TASK
Copy each entry verbatim, excluding its images.

EXTRACTED RECORDS
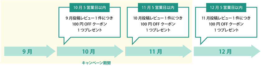 例)商品レビューを5件投稿いただいた場合 → 100円OFFクーポンを5つプレゼント!
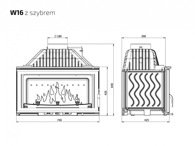 Инструкции, чертежи, документы - Каминная чугунная топка Kaw-Met W16 14,7кВт
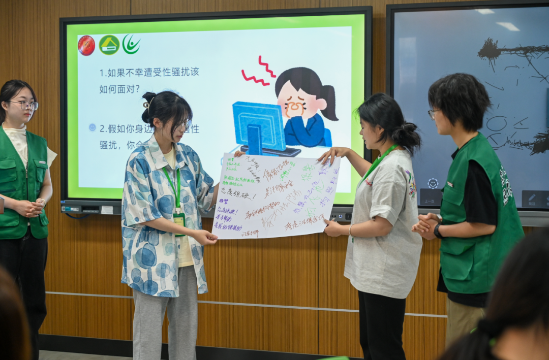 最后,由福建幼兒師范高等專(zhuān)科學(xué)校的青春健康主持人開(kāi)展以“預(yù)防性騷擾知識(shí)科普”為主題的活動(dòng)分享,通過(guò)角色扮演的方式營(yíng)造相對(duì)輕松安全的氛圍,緩解參與者面對(duì)性騷擾話題的羞恥、尷尬心理,也清晰界定了性騷擾的形式,隨后通過(guò)小組討論的形式告訴參與者遇到性騷擾應(yīng)保持冷靜,明確表達(dá)拒絕,留存證據(jù),尋求他人幫助。
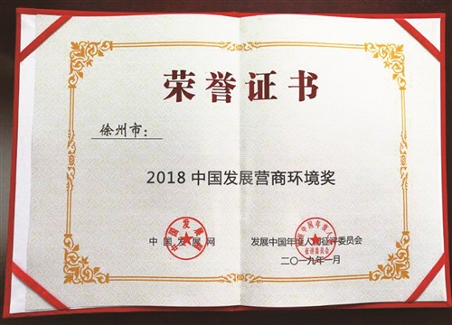 徐州市榮獲 2018中國(guó)發(fā)展?fàn)I商環(huán)境獎(jiǎng)
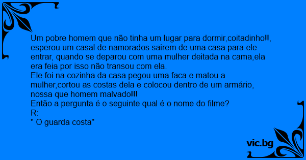 Um pobre homem que não tinha um lugar para dormir,coitadinho!!, esperou um casal de namorados sairem de uma casa para ele entrar, quando se deparou com uma mulher deitada na cama,ela era feia por isso não transou com ela.
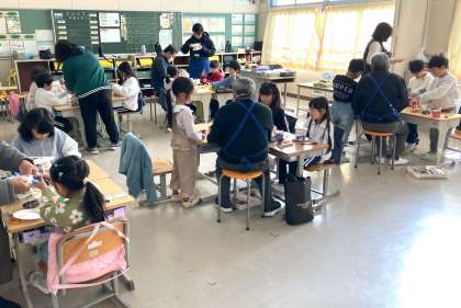 ものづくり教育プログラムを1・2年生の皆さんが受講しました。今日は、「コトコトくるま」と「牛乳パックダーツ」を作って体育館で遊びました。ゴムの特性をうまく使い「ゴムで動くおもちゃ」づくりをサポーターの皆さんと一緒に行いました。おもちゃを作りながらゴムの性質を上手に利用することを楽しく学びました。

ANSWER SECTION
 例)商品レビューを5件投稿いただいた場合 → 100円OFFクーポンを5つプレゼント!
 Инструкции, чертежи, документы - Каминная чугунная топка Kaw-Met W16 14,7кВт
 最后,由福建幼兒師范高等專(zhuān)科學(xué)校的青春健康主持人開(kāi)展以“預(yù)防性騷擾知識(shí)科普”為主題的活動(dòng)分享,通過(guò)角色扮演的方式營(yíng)造相對(duì)輕松安全的氛圍,緩解參與者面對(duì)性騷擾話題的羞恥、尷尬心理,也清晰界定了性騷擾的形式,隨后通過(guò)小組討論的形式告訴參與者遇到性騷擾應(yīng)保持冷靜,明確表達(dá)拒絕,留存證據(jù),尋求他人幫助。
 徐州市榮獲 2018中國(guó)發(fā)展?fàn)I商環(huán)境獎(jiǎng)
 Um pobre homem que não tinha um lugar para dormir,coitadinho!!, esperou um casal de namorados sairem de uma casa para ele entrar, quando se deparou com uma mulher deitada na cama,ela era feia por isso não transou com ela.
 ものづくり教育プログラムを1・2年生の皆さんが受講しました。今日は、「コトコトくるま」と「牛乳パックダーツ」を作って体育館で遊びました。ゴムの特性をうまく使い「ゴムで動くおもちゃ」づくりをサポーターの皆さんと一緒に行いました。おもちゃを作りながらゴムの性質を上手に利用することを楽しく学びました。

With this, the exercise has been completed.